6.21.2009

CHRISTOPHER HITCHENS ON THE NEW ACROPOLIS MUSEUM FROM VANITY FAIR...




NEW ACROPOLIS MUSEUM INTERIOR PHOTO BY YIANNIS KONTOS (second from top to bottom). ACROPOLIS AERIAL SHOT BY NIKOS DANIILIDES (first from top to bottom).
"...I have visited many of the other great monuments of antiquity, from Luxor and Karnak and the pyramids to Babylon and Great Zimbabwe, and their magnificence is always compromised by the realization that slaves did the heavy lifting and they were erected to show who was boss. The Parthenon is unique because, though ancient Greece did have slavery to some extent, its masterpiece also represents the willing collective work of free people. And it is open to the light and to the air: “accessible,” if you like, rather than dominating. So that to its rightness you could tentatively add the concept of “rights,” as Periclean Greeks began dimly to formulate them for the first time".

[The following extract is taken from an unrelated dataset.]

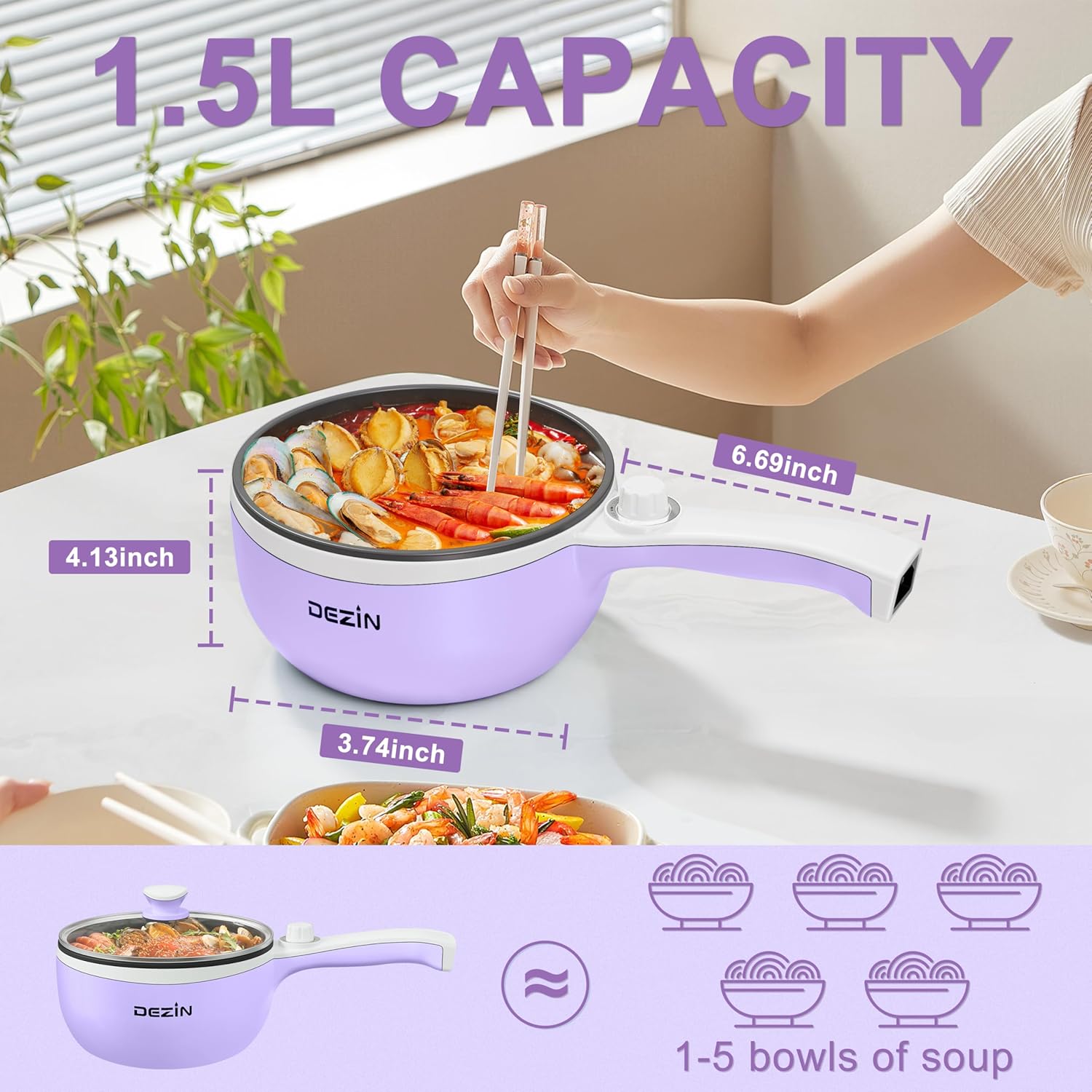 Dezin Hot Pot Electric Upgraded, Non-Stick Sauté Pan, Rapid Noodles Electric Pot, 1.5L Mini Portable Hot Pot for Steak, Egg, Fried Rice, Ramen, Oatmeal, Soup with Power Adjustment

"...Ever since Lord Byron wrote his excoriating attacks on Elgin’s colonial looting, first in Childe Harold’s Pilgrimage (1812) and then in The Curse of Minerva (1815), there has been a bitter argument about the legitimacy of the British Museum’s deal. I’ve written a whole book about this controversy and won’t oppress you with all the details, but would just make this one point. If the Mona Lisa had been sawed in two during the Napoleonic Wars and the separated halves had been acquired by different museums in, say, St. Petersburg and Lisbon, would there not be a general wish to see what they might look like if re-united? If you think my analogy is overdrawn, consider this: the body of the goddess Iris is at present in London, while her head is in Athens. The front part of the torso of Poseidon is in London, and the rear part is in Athens. And so on. This is grotesque."